Large-conductance calcium-activated potassium (KCa) channels are present in a variety of cell types[7-12]. In neurons, they may regulate cell firing[13,14], and in smooth muscle, they seem to play an important role in maintaining visceral and vascular tone[15-18]. Many chloride channel inhibitors, including members of the non-steroidal anti-inflammatory drug family, such as niflumic acid (NFA), not only inhibit Cl– conductance[19-21], but also stimulate large-conductance KCa channels in vascular smooth muscle of the rabbit portal vein[22] and pig coronary[23]. In our preliminary study, we found that KCa channels might exist in the SMC and endothelial cells (EC) of the cochlear SMA[12]. Moreover, chloride channel blockers could inhibit excitatory junction potentials in the SMC of the cochlear SMA in guinea pigs[24].

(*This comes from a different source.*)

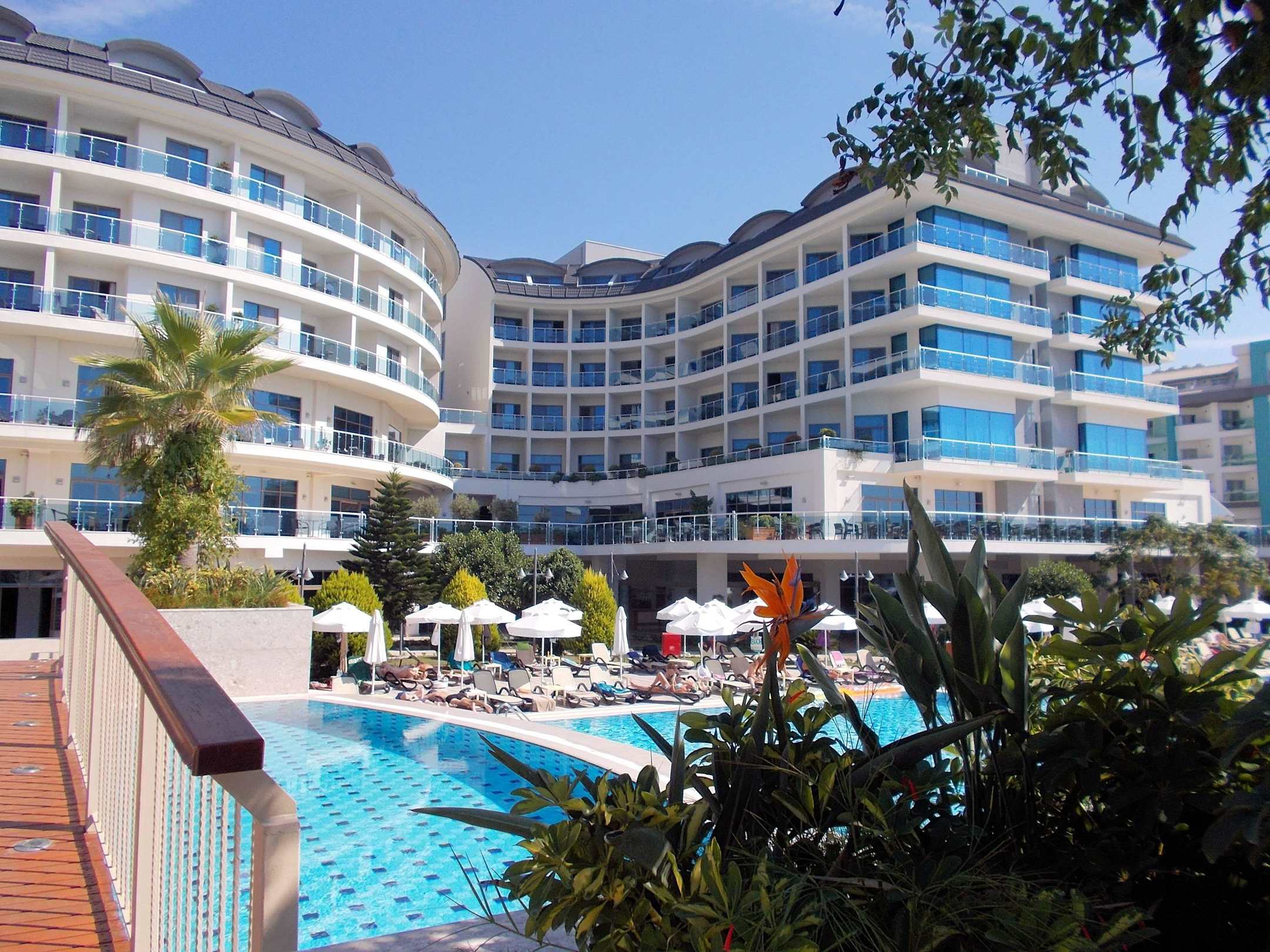 Blick auf Pool und Hotel
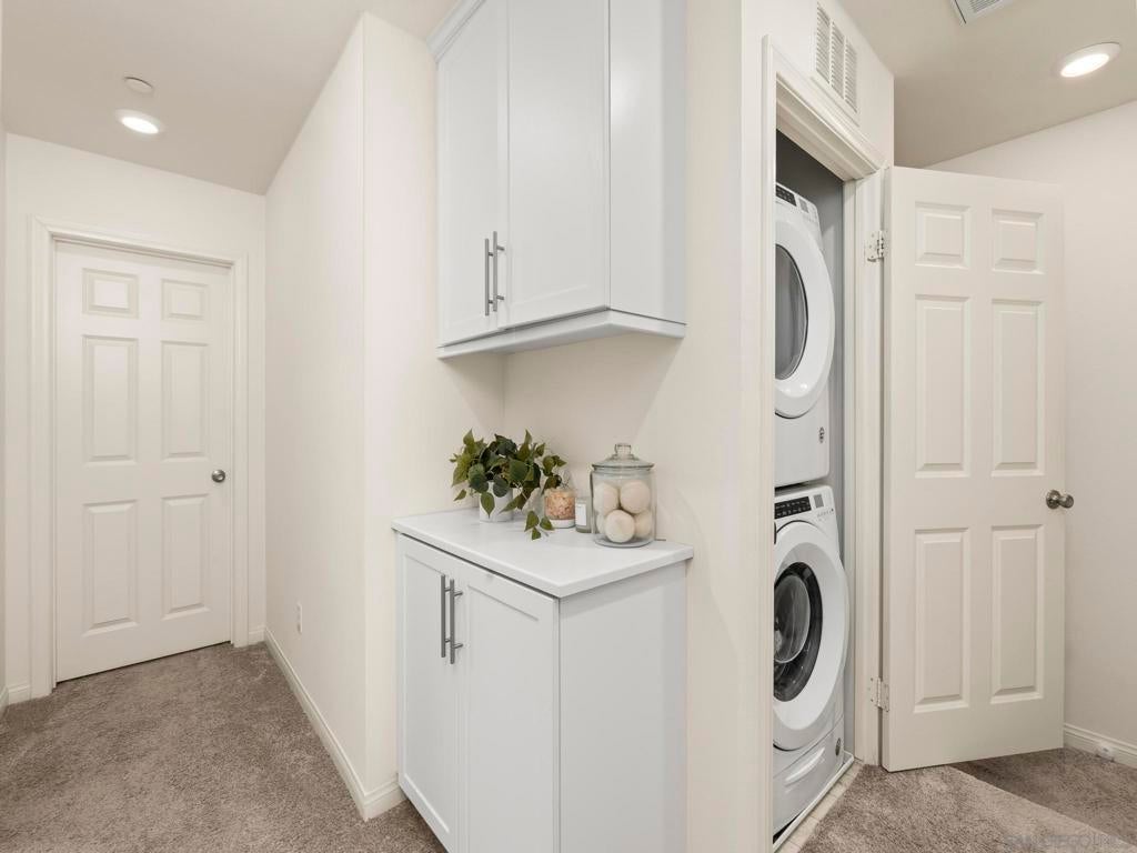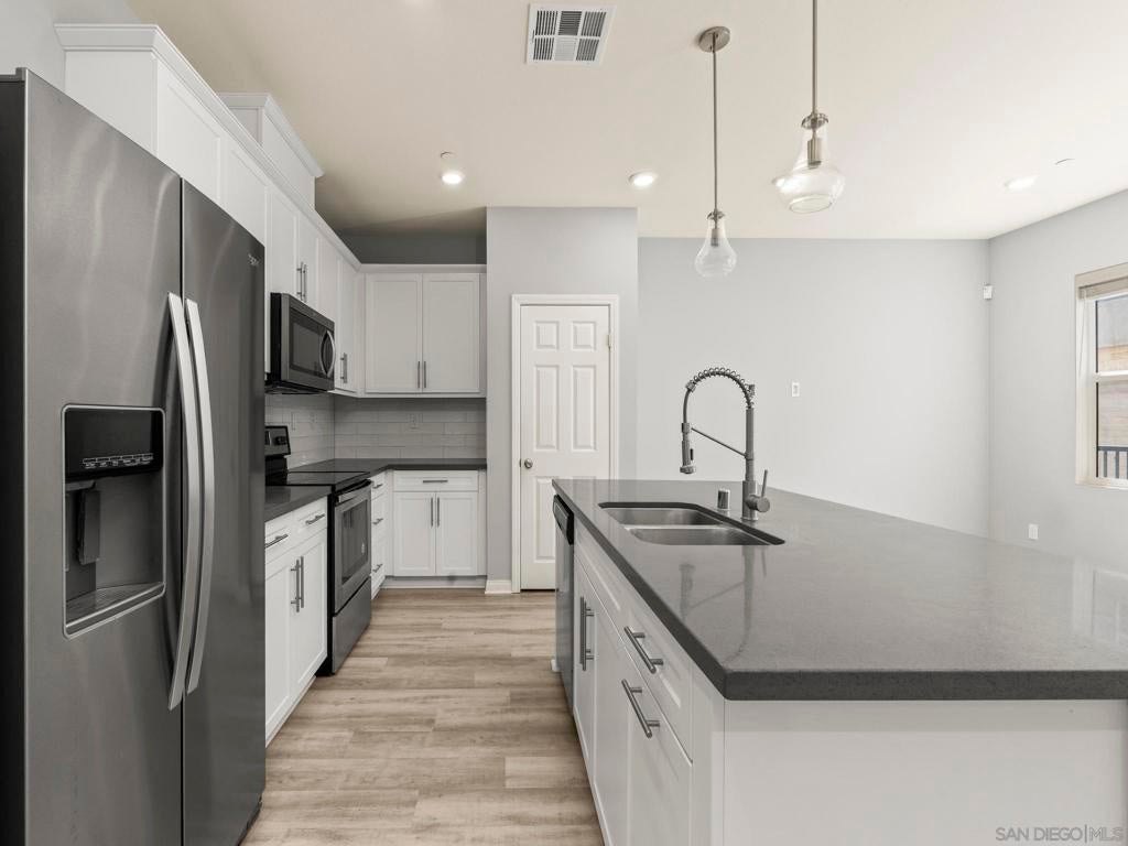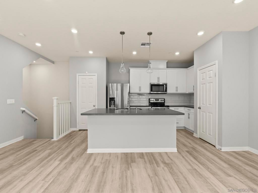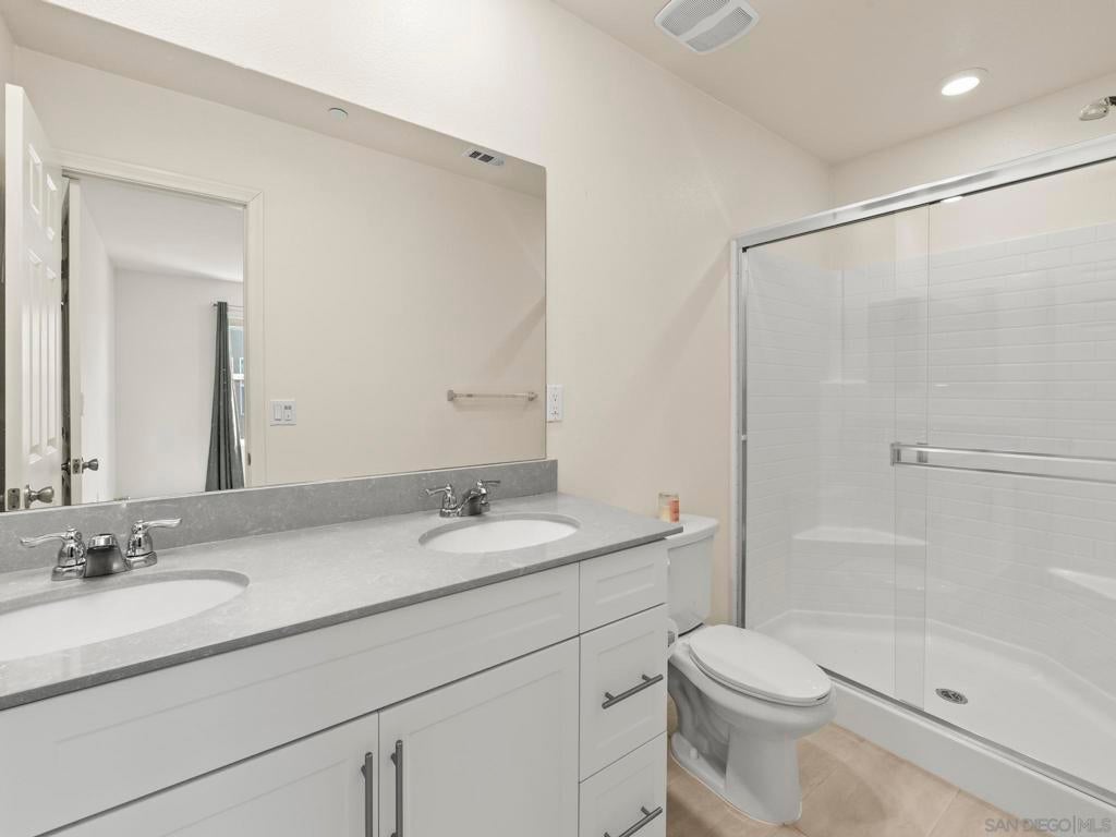 Located in the newer Viewpointe Commons community in San Marcos, this modern 2-bedroom, 2.5-bath condo offers a functional layout with contemporary finishes and low-maintenance living. Spanning approximately 1,237 square feet, the home features an open-concept main level with a spacious living area, dining space, and well-appointed kitchen—ideal for everyday living and entertaining. Both bedrooms are positioned upstairs and feature en-suite bathrooms, providing privacy and flexibility for roommates, guests, or a work-from-home setup. A convenient half bath is located on the main level. Built in 2019, the home offers newer construction with energy-efficient features and a clean, modern aesthetic. Additional highlights include an attached 2-car garage, in-unit laundry, and a well-maintained community setting. Centrally located with easy access to shopping, dining, and major freeways, this home offers a great balance of comfort and convenience.

The aim of the present work was to use direct intracellular recordings of membrane potential and conventional whole-cell recordings to investigate the effect of NFA (a chloride channel blocker) on the SMC in the cochlear SMA of guinea pigs. The results suggest that NFA hyperpolarizes SMC by activating KCa channels in the SMA of guinea pigs.
Materials and methods
Animals and SMA preparation Guinea pigs (300–500 g) were anesthetized and then killed by exsanguination[25]. The anesthesia was accomplished by an intramuscular injection of an anesthetic mixture (1 mL/kg) of 500 mg ketamine, 20 mg xylazine, and 10 mg acepromazine in 8.5 mL H2O. Both bullae were rapidly removed and transferred to a Petri dish filled with a physiological solution (Krebs) composed of (in mmol/L): 125 NaCl, 5 KCl, 1.6 CaCl2, 1.2 MgCl2, 1.2 NaH2PO4, 18 NaHCO3, and 8.2 glucose, and saturated with 95% O2 and 5% CO2 at 35 ℃ (pH 7.4). The SMA and some related radiating arterioles were further dissected from the cochlea under a dissecting microscope. The vascular preparation was incubated for 0.5–24 h in the physiological solution and then transferred to a recording bath. A 2-5 mm long segment of the SMA was cleaned free of spongy connective tissues and pinned with minimum nails to the silicon rubber layer (Sylgard 184, Dow Corning, USA) in the bottom of an organ bath (volume 0.5 mL) and continuously perfused with a 35 ℃ Krebs solution. When needed, a high potassium Krebs solution was made by additional KCl and accordingly-reduced NaCl.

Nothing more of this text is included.